It came down to making available multi-lateral communications where the resources and people in struggle could meet (ie in cyberspace) and then link up practically on the ground (dissolving or comming together on the basis of the ebbs and flows of actual struggle). We concieved then of a structure based around computers and we waited for the technology to mature (we are still waiting), for the demands of this type of organisation are complex both technically and politically.

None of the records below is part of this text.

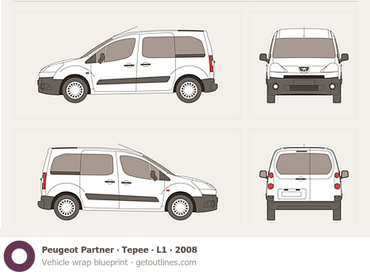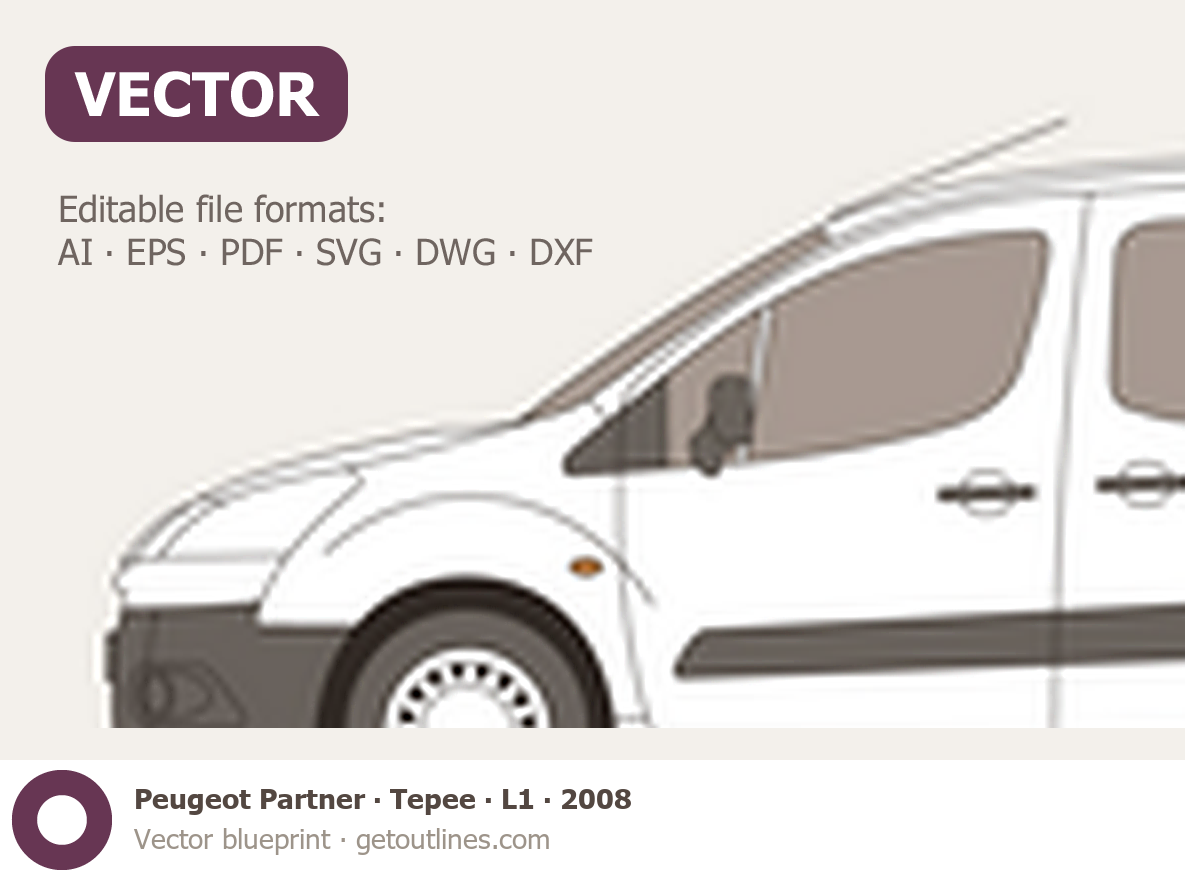 Buy this Peugeot Partner Tepee blueprint and line drawing in high-quality editable vector file formats. Best for 3D and car wrap design.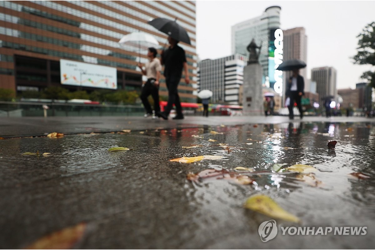 15일에도 비가 이어져 당분간 푸른 가을 하늘 보기가 어렵겠다. 서쪽에서 또 기압골이 접근해오고 있어서다.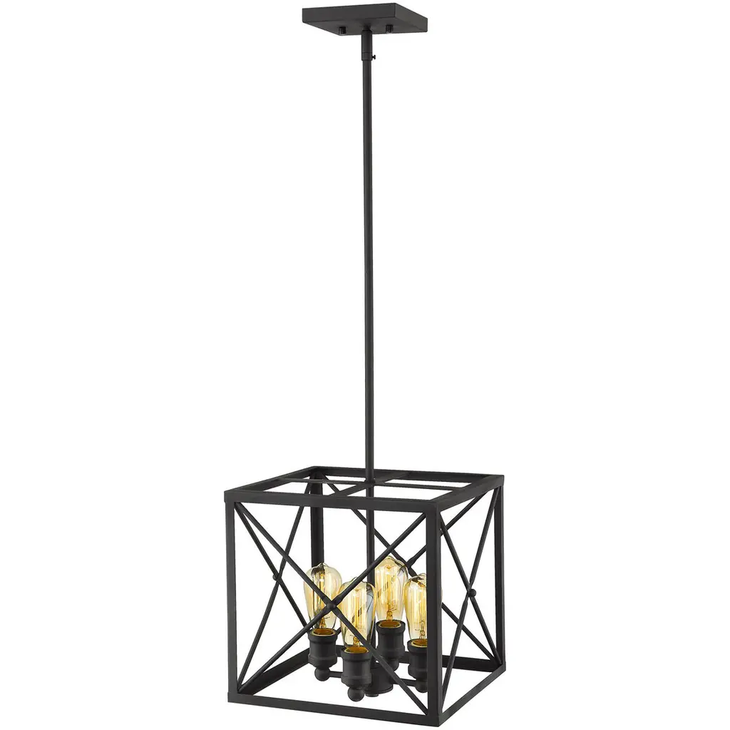 Slim steel outlines this contemporary four-light pendant, creating an eye-catching tesseract-like geometric design that modernizes transitional interior spaces like foyers and kitchen islands. Across the sharply angled steel silhouette is a dramatic matte black finish, enhancing the modern architectural feel and aesthetic. Resting within the open and airy pendant is a candelabra style fixture with four arms holding exposed bulbs for a minimalist industrial effect.
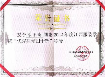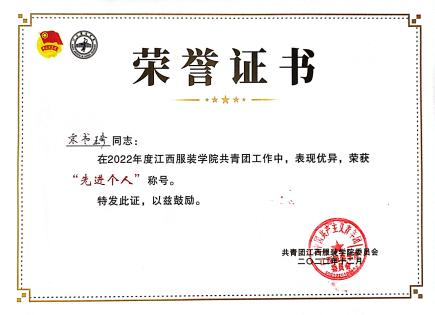 他敢于担当、甘于奉献,担任员工干部期间,多次组织班级活动与公司活动,曾获“优秀共青团干部”“优秀班干部”“先进个人”等荣誉称号;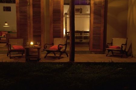 On the inside each villa has two air-conditioned double bedrooms with antique four poster beds. Spacious en-suite bathrooms with a bathtub and open air shower. A comfortable living and dining area with a table that can seat six people. A further two children can also be accommodated in the living area if necessary. Wide verandahs with planters' chairs lead out onto a walled garden. The kitchen is fully equipped and includes a mini-bar.

All this is probably no earthly good to you, but I do believe that the suburbs far from being a lost cause point to a form of organisation and political practice far different to the traditional type. Consider this one problem:

A worker lives 20 minutes from the workplace as do practically all those workers hence they could be spread about an enormous area and rarely see each other except at work. Which means all those conversations which lead to old style class consciousness can only take place at work breaks. Likewise dealing with a bureacratic union (whose officials tend to live in each others pocket) means that the workers are at a constant disadvantage both with the bosses and with sometimes backward unions (where they exist) themselves.

Even when on-site militant organisations exist in a workplace (and I have been involved in a few) the stresses of maintaining it when each meeting requires travelling back and forth for an hour, at a time determined by shift breaks does grind things down (how often I hated such meetings for robbing me of rest, especially when little happens, or most of the others don't turn up).  Technically nine tenths of such meetings are redundant, most if not all could be carried out via electronic communications, what is more the same medium might also have the needed extra resources available.

Suburban life is not conducive to traditional political organisations - but as far as I know no-one has addressed this at all.